A corrupção, para além do aspecto penal, implica em práticas de suborno com o
objetivo de corromper alguém ou obter favores de alguma pessoa por meios ilícitos. Seu uso
não se restringe às esferas política e econômica, ele está inserido em práticas culturais
cotidianas que denigrem as relações sociais e legitimam a tolerância a determinados casos de
corrupção. Práticas corruptas e frequentes no cotidiano do brasileiro parecem apontar para
uma predisposição ao ilícito e imoral, como traços inerentes ao caráter do brasileiro. Ações
como tentar subornar o guarda de trânsito para evitar uma multa, comprar produtos
falsificados, furar fila, colar na prova para obter uma boa nota, enganar as pessoas em uma
negociação, burlar as leis de trânsito, não pagar impostos, mentir, falsificar ou aceitar troco
errado são práticas corruptas tidas como normais pelos brasileiros. O “jeitinho” para levar
vantagem em transações e relações sociais, mesmo desrespeitando leis, regras e costumes
tradicionais, atribui ao povo brasileiro um caráter desonesto e de desconfiança, como que a
corroborar uma antiga frase, dita por um empresário paulista há mais de 30 anos, “todos
somos corruptos. Ninguém pode atirar a primeira pedra”.

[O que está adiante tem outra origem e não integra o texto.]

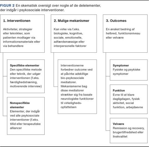De nonfarmakologiske interventioner kaldes også psykosociale interventioner. De kan defineres som interpersonelle eller informative behandlinger, der gennem en række forskellige mediatorer kan forbedre patienternes helbred, funktionsniveau eller velvære (Figur 2) [11].
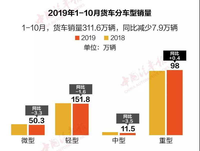 10月整體汽車銷量繼續(xù)下滑,同比下降4%,在車市寒冬中,商用車回暖態(tài)勢明顯,在各地加快更新淘汰及投資拉動等因素的影響下,本月商用車繼續(xù)保持較好的增長勢頭,漲幅與9月相比有擴大的趨勢。
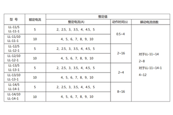 注:特殊規(guī)格LL-10-1(11-1、12-1、13-1、14-1)瞬動電流倍數(shù)4-12,其余參數(shù)與LL-10系列對應;繼電器的電流線圈允許長期通過
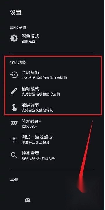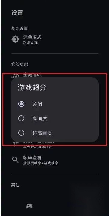 进入设置菜单后,找到并选择插帧模式,可在“超分插帧”和“普通插帧”这两个选项中进行选择。
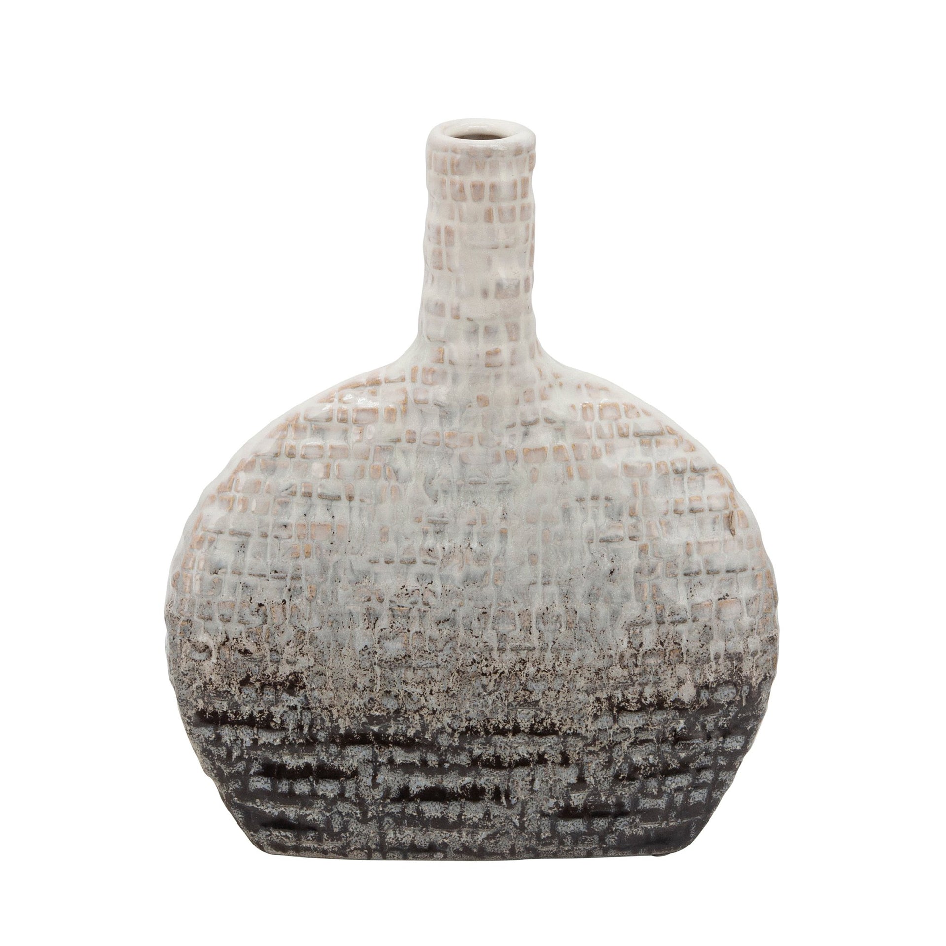 Sagebrook Home Contemporary 10" Textured Oval 2-Tone Ceramic Vase - Ivory/Beige
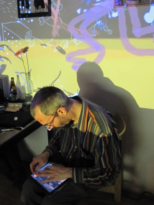 I made this collage of musicians Ritsche and Steve Buchannan and the drawings in the background are by Maki and Itzi. This session is from the first of the Tagtool Anthology programmes, where we all took turns to draw and play together in some ‘oldschool’ Tagtool jam sessions. This was serious fun for all!
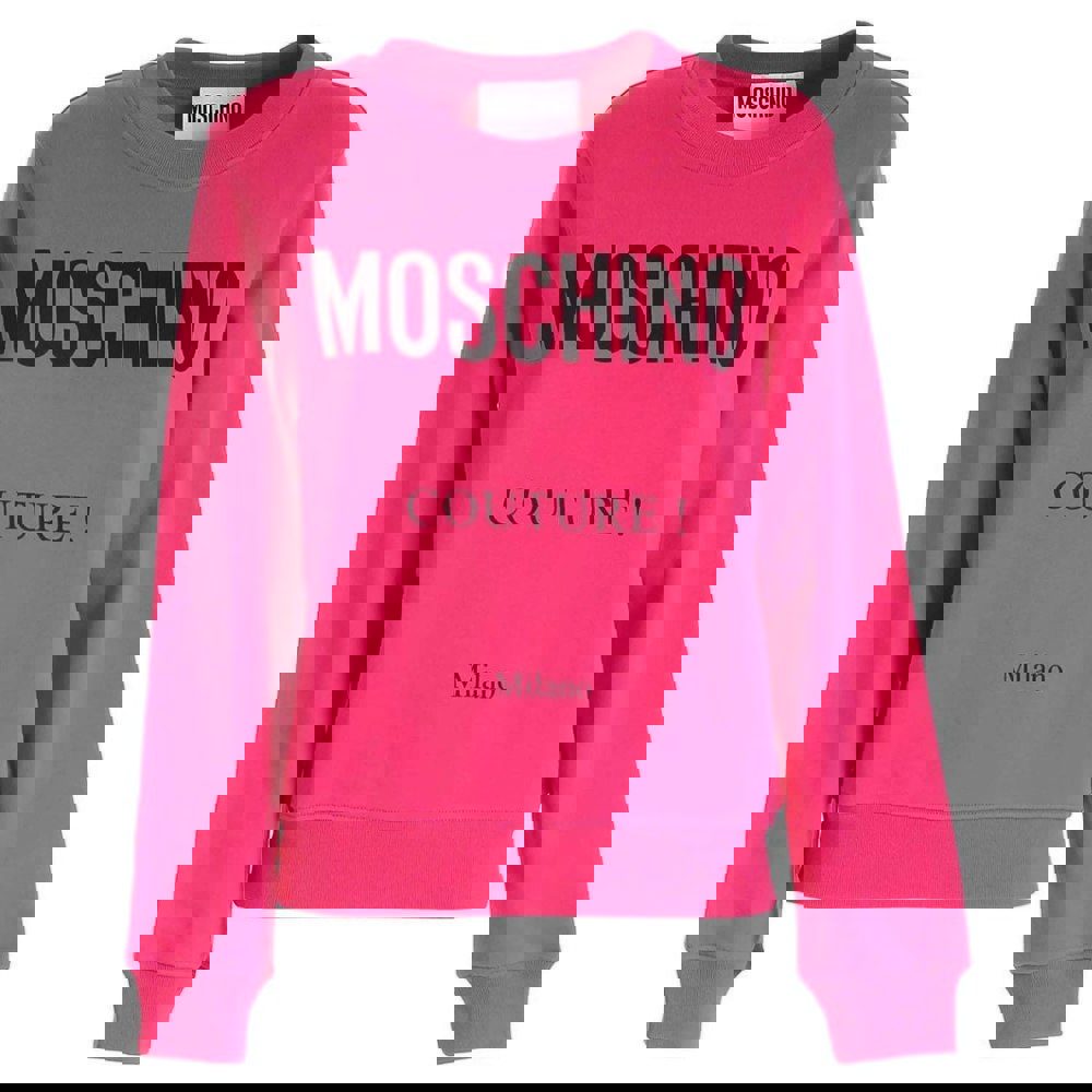 Elevate your wardrobe with the Moschino Couture Milano Fuxia Jumper, a vibrant statement piece that combines bold color with luxurious comfort.
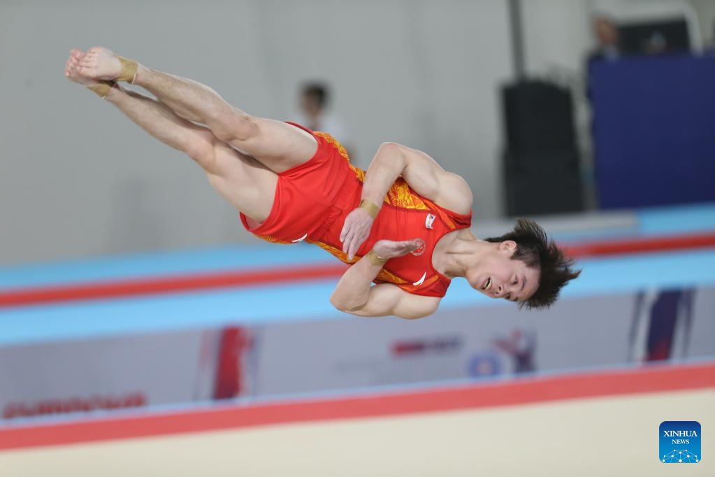 Qin Guohuan of China competes in the floor exercise competition of the men's team event at the 2nd Artistic Gymnastics Junior World Championships in Antalya, Trkiye, on March 29, 2023. (Photo by Mustafa Kaya/Xinhua)

O fenômeno da corrupção não é exclusivo do Brasil ou dos tempos recentes. Ele é
fruto de uma complexidade de processos sociais e históricos que apresentam peculiaridades
em cada país e sociedade. Uma das maneiras mais eficientes de combate a corrupção é o
investimento na transparência das informações com relação ao uso dos recursos públicos e na
educação consciente, baseada em uma moral ética e correta, capaz de orientar as pessoas a
realizarem escolhas livres de vícios imorais e tendenciosos. Como já dizia João Ubaldo
Ribeiro (2011) “nós sabemos de tudo e não somos bobos, somos apenas omissos, submissos,
cínicos e cada vez mais moralmente insensíveis – ninguém é perfeito”.